Semua orang langsung diam tanpa dikomando. Mereka juga penasaran dengan jawaban yang akan diberikan oleh Rinjani kepada Bayu. Makanya mereka tidak butuh komando untuk menutup mulut mereka saat itu juga. Mereka dengan kesadaran sendiri dan rasa ingin tahu dan rasa ingin mendengar membuat mereka menutup mulut mereka dengan spontan.


" sayang, aku mencintai kamu. Aku menerima kamu menjadi calon suami aku" jawab Rinjani dengan lantang dan cukup terdengar oleh semua orang yang mendadak diam saat mendengar Rinjani yang menjawab ungkapan perasaan dari Bayu.

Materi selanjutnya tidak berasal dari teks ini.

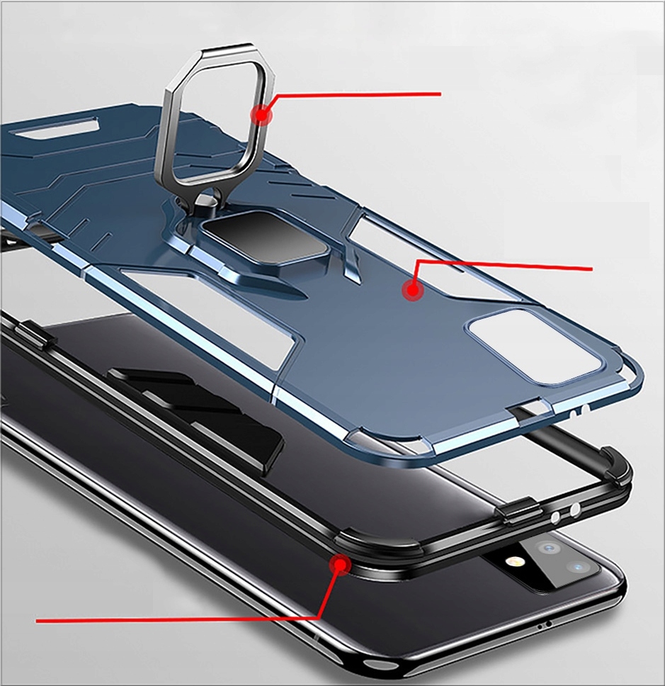 Pancerne etui o innowacyjnym designie. Posiada pierścień do trzymania telefonu oraz blaszkę, dzięki czemu etui jest idealne do używania z magnetycznym uchwytem samochodowym.

Semua tentara yang tadinya membentuk formasi tulisan menikahlah denganku langsung berlari ke atas podium. Mereka memberikan bunga bunga yang dari tadi mereka bawa kepada Rinjani. Mereka juga mengangkat Bayu dan melemparkannya ke udara. Papap dan Mamah yang melihat kelakuan dari rekan kerja bayu tersenyum bahagia. Anak mereka benar benar dicintai oleh anggotanya.


"Selamat komandan akhirnya laku juga" ujar mereka saat sudah menurunkan Bayu dari lemparan yang membuat Rinjani menatap ngeri kepada mereka semua.


"Komandan kami laku"


"Komandan kami sold out"


"Banyak yang akan bersedih"


"Akhirnya maskot kompi C dan maskot kesatuan laris juga"


Begitu banyak teriakan teriakan yang mengungkapkan betapa cintanya mereka ke Bayu. Kebahagiaan atas diterimanya lamaran Bayu oleh Rinjani tidak hanya memayungi Rinjani, Bayu, Mamah dan Papap saja tetapi semua orang yang ada di kesatuan itu ikut berbahagia atas lamaran Bayu yang diterima oleh Rinjani.


Rinjani tersenyum bahagia, begitu juga Papap dan Mamah.


papap dan mamah kemudian memeluk Rinjani. Mereka sangat bahagia atas semua ini. Sekarang rinjani sudah sah menjadi menantu mereka walaupun Rinjani dan Bayu belum melakukan akad nikah.